A crucial element of user adoption activity is to create systems that allow you to track, not just the adoption but, the costs and, where possible, the benefits of any adoption campaign. The costs are usually easy to track as they are driven by the activities. The benefits are usually related to the adoption levels and can be harder to track and may also extend well beyond the life of the adoption campaign.

The Use Of Simulation In Adoption Planning

Simulation tools, such as SPREAD, allow you to manage different scenarios and risks as you roll out your innovation in a safe virtual environment. You can also “what-if“ different stimuli and sequences of adoption.

Simulation can be very useful in helping a team envision, plan, and execute an adoption program and become better equipped to deal with the unexpected when it arises during the actual rollout.

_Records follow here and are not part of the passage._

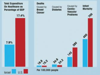 Moreover, under many criteria, Israeli citizens appear to be getting better care for their lower expenditures. Israel has an infant mortality rate that is only 57% of that in the United States, and a life expectancy from birth of 82 years, compared with 78 years in the United States. Its mortality rate due to heart disease is only half that of America’s. Many other indicators having to do with specific diseases are similarly favorable or, at worst, roughly equal.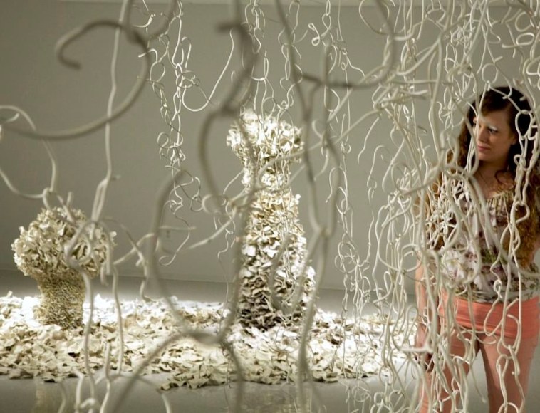Large Peony and Peeping Tom, 2014 / porcelain shards, clay, metal / 72 x 46 x 30 inches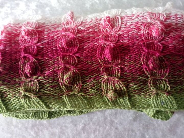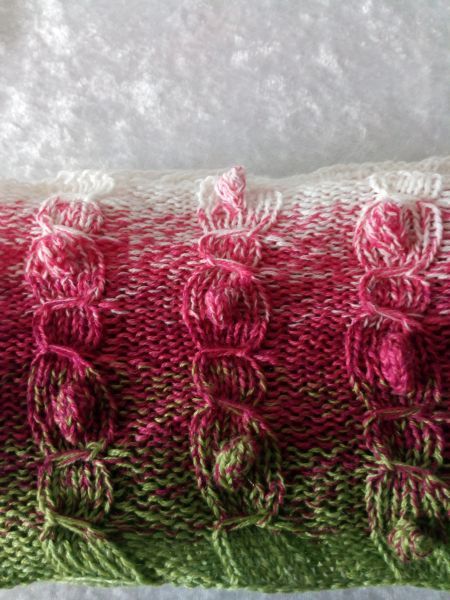 Mit dem ausgewöhnlichen Zöpfen und Noppen, genau das richtige für Zopfliebhaber. Die Anleitung enthält einen Chart, dieser wird so lange wiederholt bis Ihre gewünschte Höhe erreicht ist. Dieses Stück sollte von Stricker/innen nachgearbeitet werden, welche schon etwas Erfahrung haben. Für Anfänger könnte die Zopfvariante noch zuviel sein.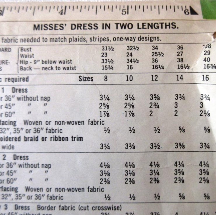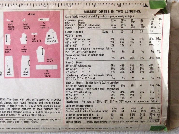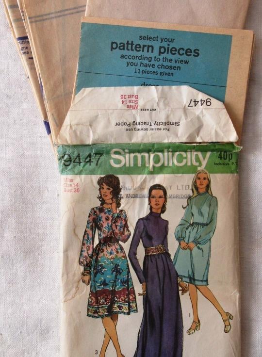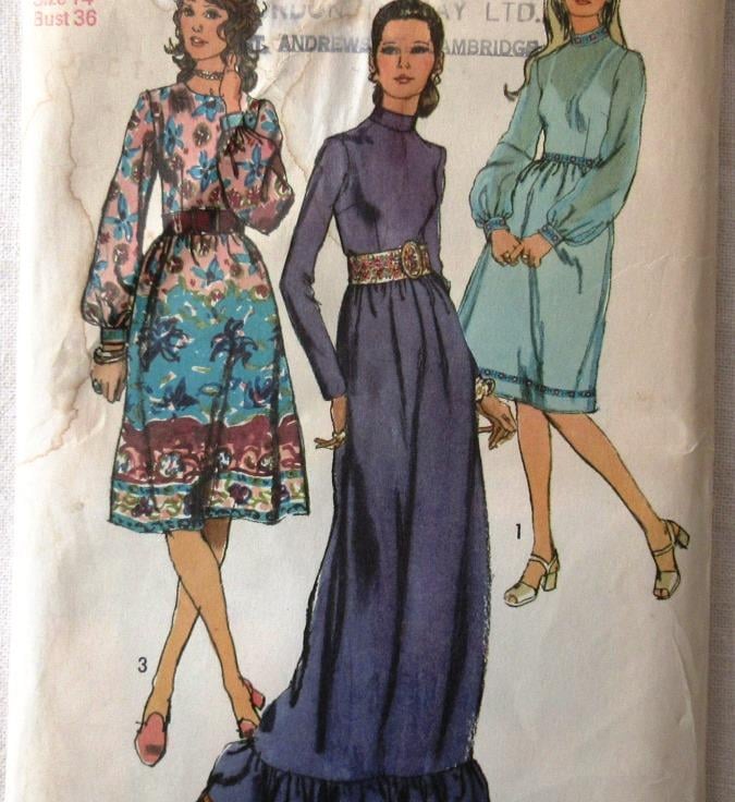A sewing pattern for a misses' dress in two lengths in size 14 (bust 36"/91.5 cm, Simplicity 9447). The dress with skirt softly gathered to bodice at normal waistline has back zipper, high round neckline and set-in sleeves. View 1 features embroidered braid or ribbon trim. Views 1 and 2 have stand-up collar. Regular length views 1 and 3 have long sleeves gathered to snap-fastened cuffs. Ankle-length view 2 with ruffles has long straight sleeves. Views 2 and 3 have purchased belts. View 3 is collarless. The pattern has been used to make the long version with full sleeves, but without the stand-up collar and ruffle. The envelope is slightly torn. The pattern is dated 1971.

Adoption Simulation Insights

There are typically some very important learnings gained when participants use Adoption Model Simulations including the following:

  1. Direct adoption needs to address all levels of the adoption model, not just the top and bottom levels. Pipeline Health measures (discussed in the next section) can warn you if you are neglecting key parts of your adoption model — an oversight which may not be obvious in the short-term.
  2. Not all adopters are equal. Adoption by Opinion Leaders can create positive Word of Mouth (WoM) which encourages other users to adopt.
  3. It is not just direct adoption activities that contribute to user adoption. There are two other very important types of activity — Preparation (fitness) and Risk mitigation (insurance). Many adoption failures involve either doing too little or too much of these two activities!

Adoption Model Metrics

There are 3 key Adoption Model Metrics:

  • Spread (aka Penetration)
  • Satisfaction
  • Pipeline

“Spread” (aka Penetration) is a single number that measures the degree of adoption. It is the weighted average of the number of adopters across all the levels of the model. In the example, in a highly unlikely scenario of all 200 users reaching “Partnering” (Level 5) then the Spread would be 5.00. Conversely, if all 200 users remain “Unaware” then the Spread would be 1.00.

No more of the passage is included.